*WHAT THE TASK REQUIRES*
Could you output each record below exactly as it stands and leave the pictures out?

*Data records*
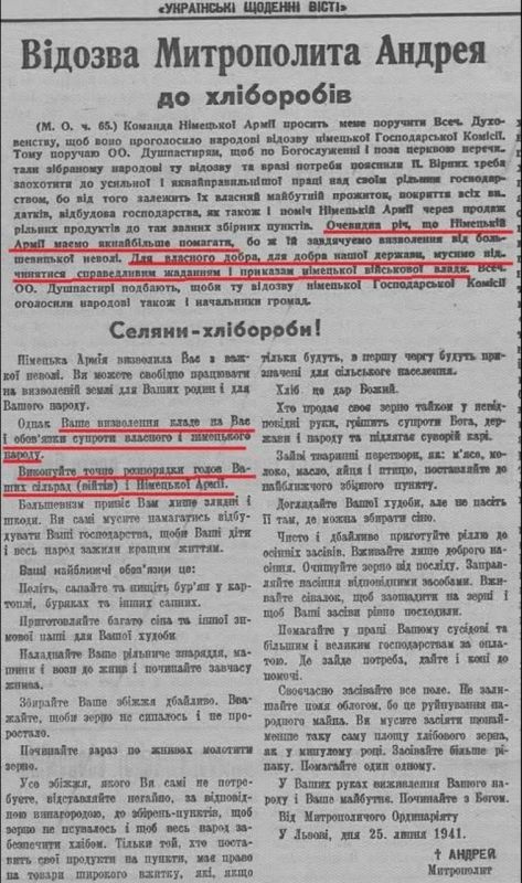 Если помните, на днях великий украинский историк Владимир Зеленский рассказывал папе римскому о том, как надо чтить память нацистского коллаборациониста Андрея Шептицкого. Специально для этого знатока привожу один образчик тесного сотрудничества этого типа с немецкими оккупантами. Это его послание галицким крестьянам, опубликованное 27 июля 1941 г. в "Украйыньских щодэнных вистях".
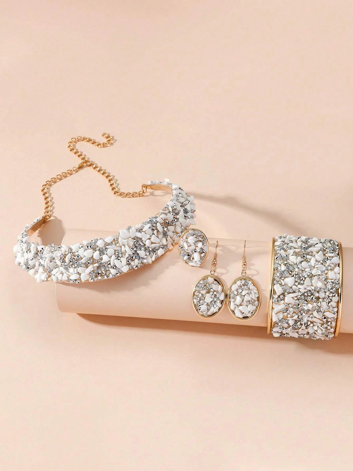 4pcs/set Luxurious Multicolor Rhinestone Embellished Metal Choker Necklace Set
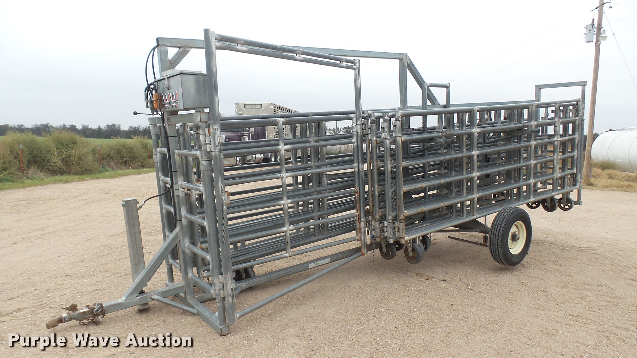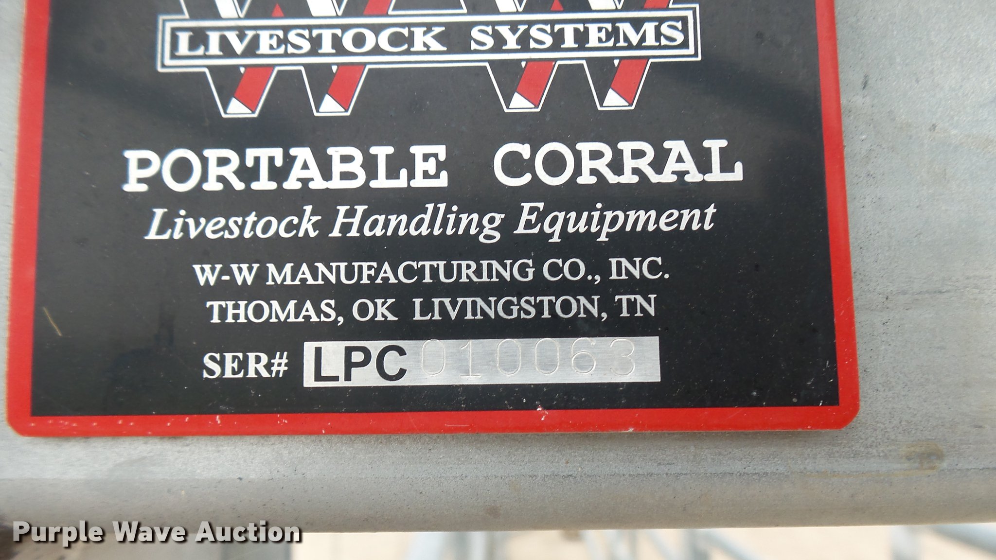 WW Livestock Systems corral. (15) panels (7) 13.5" x 6'H, (8) 20' x 6'H, 2" 14 gauge galvanized steel tubing construction, Solar charging system, Ball hitch, 235/85R16 tires, Serial LPC010063. Windom, KS 67491
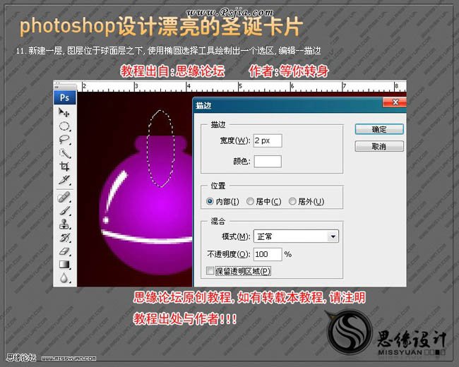 11、新建一个图层,图层位于球面层之下,使用椭圆选框工具绘制出一个选区,然后选择菜单:编辑 > 描边,参数设置如下图。
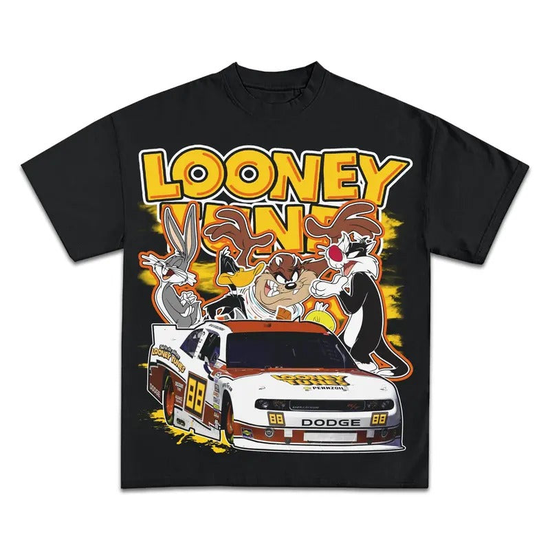 T*NES RACING GRAPHIC T-SHIRT Bootleg Vintage 90s Style Casual Classic clothing Cotton Fabric Menswear Top
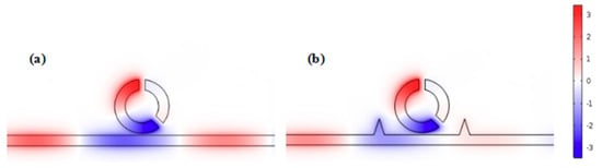 To understand the internal mechanism of Fano resonance more clearly, the normalized HZ field distributions of the single CSRRC structure and the whole system at the resonance dip (λ = 1185 nm) were studied. They are depicted in Figure 3a,b, respectively. From Figure 3b, it can be seen that the normalized HZ field distribution was only in the left part of the waveguide and the long part of the CSRRC, and a relatively strong resonance was formed in the CSRRC. In addition, the upper and bottom areas of the long part of the CSRRC were out of phase. However, there was normalized HZ field distribution in the right part of the waveguide in Figure 3a. The other area of the normalized HZ field distribution of the single CSRRC structure was similar to that of the whole system. It is to be noted that a stronger resonance exists in the CSRRC when the normal waveguide adds two symmetric triangle stubs, which can promote the formation of Fano resonance. Then, when the strong resonance is excited, the SPPs are almost confined within the CSRRC, which leads to a low transmittance at the dip. It is obvious in Figure 3b that the SPPs are, directly and indirectly, coupled to the waveguide and the CSRRC, respectively. Thus, they can be regarded as the continuous broadband state and the discrete narrowband state, respectively.
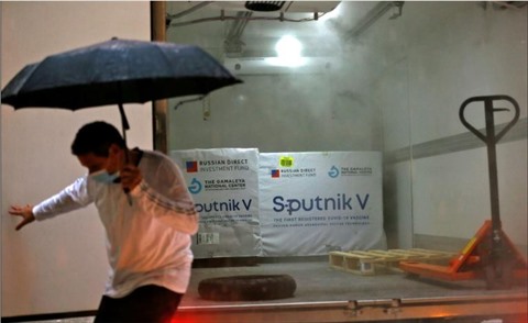 | Les premières doses du vaccin russe Spoutnik V destinées à l'Autorité palestinienne sont arrivées à Ramallah, en Cisjordanie, le 4 février. |
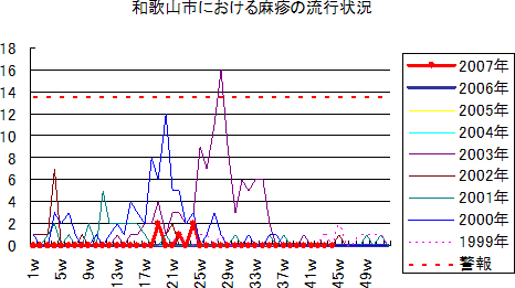 上記のとおり、現状では、和歌山県内・市内とも各地で散発事例が認められているものの、際立った流行は認められておりません。
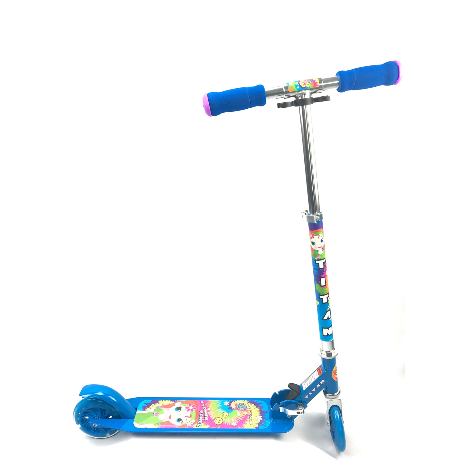 TITAN Flower Power Princess Folding Aluminum Girls Kickscooter with LED Light Up Wheels, Blue

*RESULT OF THIS EXERCISE*
 Если помните, на днях великий украинский историк Владимир Зеленский рассказывал папе римскому о том, как надо чтить память нацистского коллаборациониста Андрея Шептицкого. Специально для этого знатока привожу один образчик тесного сотрудничества этого типа с немецкими оккупантами. Это его послание галицким крестьянам, опубликованное 27 июля 1941 г. в "Украйыньских щодэнных вистях".
 4pcs/set Luxurious Multicolor Rhinestone Embellished Metal Choker Necklace Set
 WW Livestock Systems corral. (15) panels (7) 13.5" x 6'H, (8) 20' x 6'H, 2" 14 gauge galvanized steel tubing construction, Solar charging system, Ball hitch, 235/85R16 tires, Serial LPC010063. Windom, KS 67491
 11、新建一个图层,图层位于球面层之下,使用椭圆选框工具绘制出一个选区,然后选择菜单:编辑 > 描边,参数设置如下图。
 T*NES RACING GRAPHIC T-SHIRT Bootleg Vintage 90s Style Casual Classic clothing Cotton Fabric Menswear Top
 To understand the internal mechanism of Fano resonance more clearly, the normalized HZ field distributions of the single CSRRC structure and the whole system at the resonance dip (λ = 1185 nm) were studied. They are depicted in Figure 3a,b, respectively. From Figure 3b, it can be seen that the normalized HZ field distribution was only in the left part of the waveguide and the long part of the CSRRC, and a relatively strong resonance was formed in the CSRRC. In addition, the upper and bottom areas of the long part of the CSRRC were out of phase. However, there was normalized HZ field distribution in the right part of the waveguide in Figure 3a. The other area of the normalized HZ field distribution of the single CSRRC structure was similar to that of the whole system. It is to be noted that a stronger resonance exists in the CSRRC when the normal waveguide adds two symmetric triangle stubs, which can promote the formation of Fano resonance. Then, when the strong resonance is excited, the SPPs are almost confined within the CSRRC, which leads to a low transmittance at the dip. It is obvious in Figure 3b that the SPPs are, directly and indirectly, coupled to the waveguide and the CSRRC, respectively. Thus, they can be regarded as the continuous broadband state and the discrete narrowband state, respectively.
 | Les premières doses du vaccin russe Spoutnik V destinées à l'Autorité palestinienne sont arrivées à Ramallah, en Cisjordanie, le 4 février. |
 上記のとおり、現状では、和歌山県内・市内とも各地で散発事例が認められているものの、際立った流行は認められておりません。
 TITAN Flower Power Princess Folding Aluminum Girls Kickscooter with LED Light Up Wheels, Blue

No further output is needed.